» **TASK TO CARRY OUT**
The task for the listing below is to write out exactly the lines starting at the one containing "Ein bezaubernder Blumenkranz" and ending at the one containing "Du khách người", both included. Pictures are to be omitted.

» **INPUT**
####
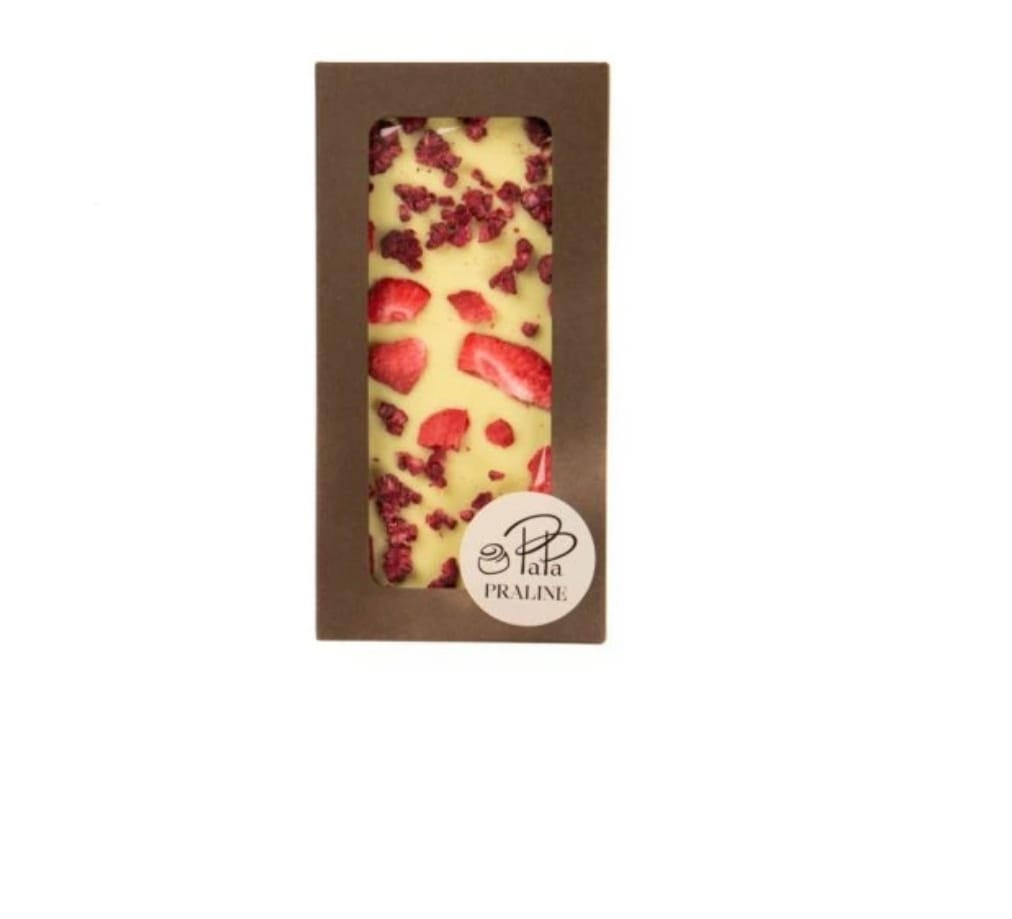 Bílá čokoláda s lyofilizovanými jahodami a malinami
####
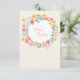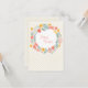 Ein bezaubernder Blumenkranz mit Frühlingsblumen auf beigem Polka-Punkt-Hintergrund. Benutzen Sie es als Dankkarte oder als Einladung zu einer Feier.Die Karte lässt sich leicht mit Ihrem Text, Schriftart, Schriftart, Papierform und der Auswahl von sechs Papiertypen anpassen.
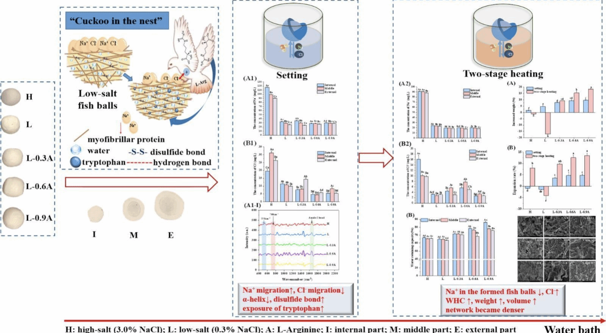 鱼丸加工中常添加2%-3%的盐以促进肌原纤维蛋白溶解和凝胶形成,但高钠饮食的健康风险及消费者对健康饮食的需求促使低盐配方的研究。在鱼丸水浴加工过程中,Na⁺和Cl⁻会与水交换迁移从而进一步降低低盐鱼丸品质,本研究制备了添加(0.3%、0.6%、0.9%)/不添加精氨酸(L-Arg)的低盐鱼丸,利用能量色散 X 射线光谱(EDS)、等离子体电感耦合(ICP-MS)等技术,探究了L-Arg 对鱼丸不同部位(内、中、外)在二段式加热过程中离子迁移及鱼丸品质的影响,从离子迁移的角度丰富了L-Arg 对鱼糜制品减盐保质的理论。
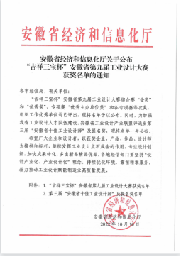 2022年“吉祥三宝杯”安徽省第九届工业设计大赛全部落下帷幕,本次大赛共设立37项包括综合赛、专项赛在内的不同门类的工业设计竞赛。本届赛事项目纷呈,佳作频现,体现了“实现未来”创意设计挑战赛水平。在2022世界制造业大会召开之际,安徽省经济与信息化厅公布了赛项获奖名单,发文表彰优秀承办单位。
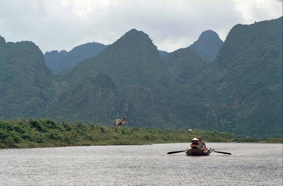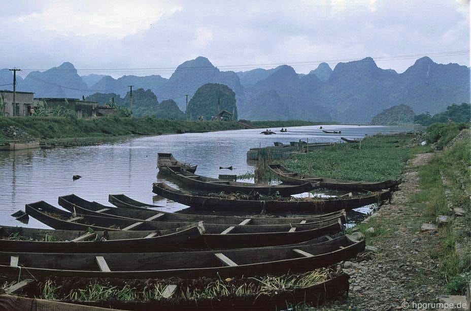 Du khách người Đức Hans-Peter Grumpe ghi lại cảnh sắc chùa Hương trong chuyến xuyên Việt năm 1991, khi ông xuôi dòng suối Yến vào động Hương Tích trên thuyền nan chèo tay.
####
» **RESPONSE AREA**
 Ein bezaubernder Blumenkranz mit Frühlingsblumen auf beigem Polka-Punkt-Hintergrund. Benutzen Sie es als Dankkarte oder als Einladung zu einer Feier.Die Karte lässt sich leicht mit Ihrem Text, Schriftart, Schriftart, Papierform und der Auswahl von sechs Papiertypen anpassen.
 鱼丸加工中常添加2%-3%的盐以促进肌原纤维蛋白溶解和凝胶形成,但高钠饮食的健康风险及消费者对健康饮食的需求促使低盐配方的研究。在鱼丸水浴加工过程中,Na⁺和Cl⁻会与水交换迁移从而进一步降低低盐鱼丸品质,本研究制备了添加(0.3%、0.6%、0.9%)/不添加精氨酸(L-Arg)的低盐鱼丸,利用能量色散 X 射线光谱(EDS)、等离子体电感耦合(ICP-MS)等技术,探究了L-Arg 对鱼丸不同部位(内、中、外)在二段式加热过程中离子迁移及鱼丸品质的影响,从离子迁移的角度丰富了L-Arg 对鱼糜制品减盐保质的理论。
 2022年“吉祥三宝杯”安徽省第九届工业设计大赛全部落下帷幕,本次大赛共设立37项包括综合赛、专项赛在内的不同门类的工业设计竞赛。本届赛事项目纷呈,佳作频现,体现了“实现未来”创意设计挑战赛水平。在2022世界制造业大会召开之际,安徽省经济与信息化厅公布了赛项获奖名单,发文表彰优秀承办单位。
 Du khách người Đức Hans-Peter Grumpe ghi lại cảnh sắc chùa Hương trong chuyến xuyên Việt năm 1991, khi ông xuôi dòng suối Yến vào động Hương Tích trên thuyền nan chèo tay.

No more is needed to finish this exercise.